Call `fmincon` on the problem structure.

`[xsolver,fvalsolver,exitflagsolver,outputsolver] = fmincon(problem)`
```Local minimum found that satisfies the constraints. Optimization completed because the objective function is non-decreasing in feasible directions, to within the value of the optimality tolerance, and constraints are satisfied to within the value of the constraint tolerance. <stopping criteria details> xsolver = 0.8671 0.7505 1.0433 0.5140 fvalsolver = -0.5500 exitflagsolver = 1 outputsolver = struct with fields: iterations: 46 funcCount: 77 constrviolation: 0 stepsize: 7.4091e-06 algorithm: 'interior-point' firstorderopt: 7.5203e-07 cgiterations: 9 message: '↵Local minimum found that satisfies the constraints.↵↵Optimization completed because the objective function is non-decreasing in ↵feasible directions, to within the value of the optimality tolerance,↵and constraints are satisfied to within the value of the constraint tolerance.↵↵<stopping criteria details>↵↵Optimization completed: The relative first-order optimality measure, 7.520304e-07,↵is less than options.OptimalityTolerance = 1.000000e-06, and the relative maximum constraint↵violation, 0.000000e+00, is less than options.ConstraintTolerance = 1.000000e-06.↵↵'```

Compare this solution with the one obtained from `solve`, which uses no derivative information.

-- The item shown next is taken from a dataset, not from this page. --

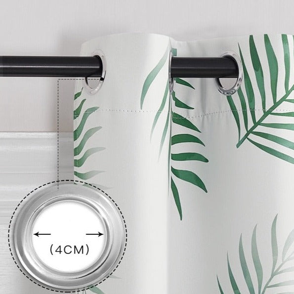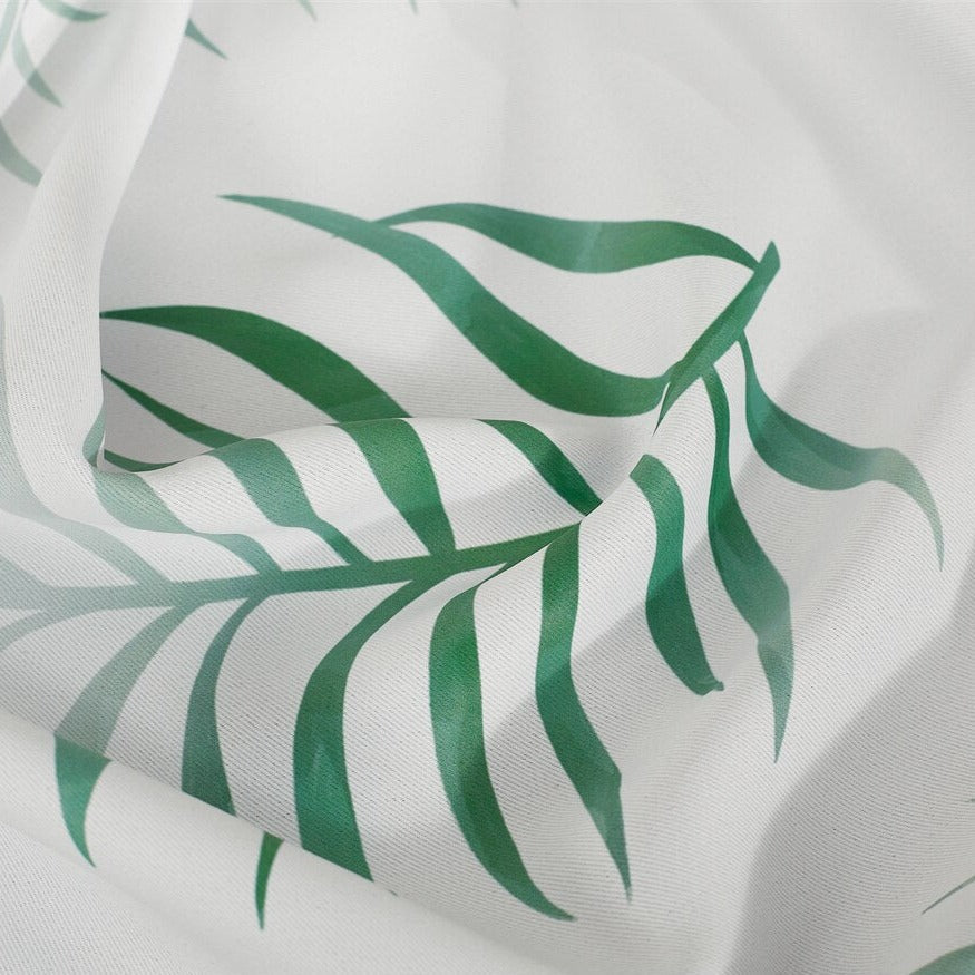 Skab din egen grønne oase med et hvidt gardin med grønne palmeblade og nyd et frisk og indbydende hjem hver dag.

```init.x = x0(1:2); init.y = x0(3:4); [xproblem,fvalproblem,exitflagproblem,outputproblem] = solve(prob,init)```
```Local minimum found that satisfies the constraints. Optimization completed because the objective function is non-decreasing in feasible directions, to within the value of the optimality tolerance, and constraints are satisfied to within the value of the constraint tolerance. <stopping criteria details> xproblem = struct with fields: x: [2×1 double] y: [2×1 double] fvalproblem = -0.5500 exitflagproblem = OptimalSolution outputproblem = struct with fields: iterations: 48 funcCount: 276 constrviolation: 0 stepsize: 7.9340e-07 algorithm: 'interior-point' firstorderopt: 6.5496e-07 cgiterations: 9 message: '↵Local minimum found that satisfies the constraints.↵↵Optimization completed because the objective function is non-decreasing in ↵feasible directions, to within the value of the optimality tolerance,↵and constraints are satisfied to within the value of the constraint tolerance.↵↵<stopping criteria details>↵↵Optimization completed: The relative first-order optimality measure, 6.549635e-07,↵is less than options.OptimalityTolerance = 1.000000e-06, and the relative maximum constraint↵violation, 0.000000e+00, is less than options.ConstraintTolerance = 1.000000e-06.↵↵' solver: 'fmincon'```

Both solutions report the same function value to display precision, and both require roughly the same number of iterations (46 using gradient information, 48 without). However, the solution using gradients requires only 77 function evaluations, compared to 276 for the solution without gradients.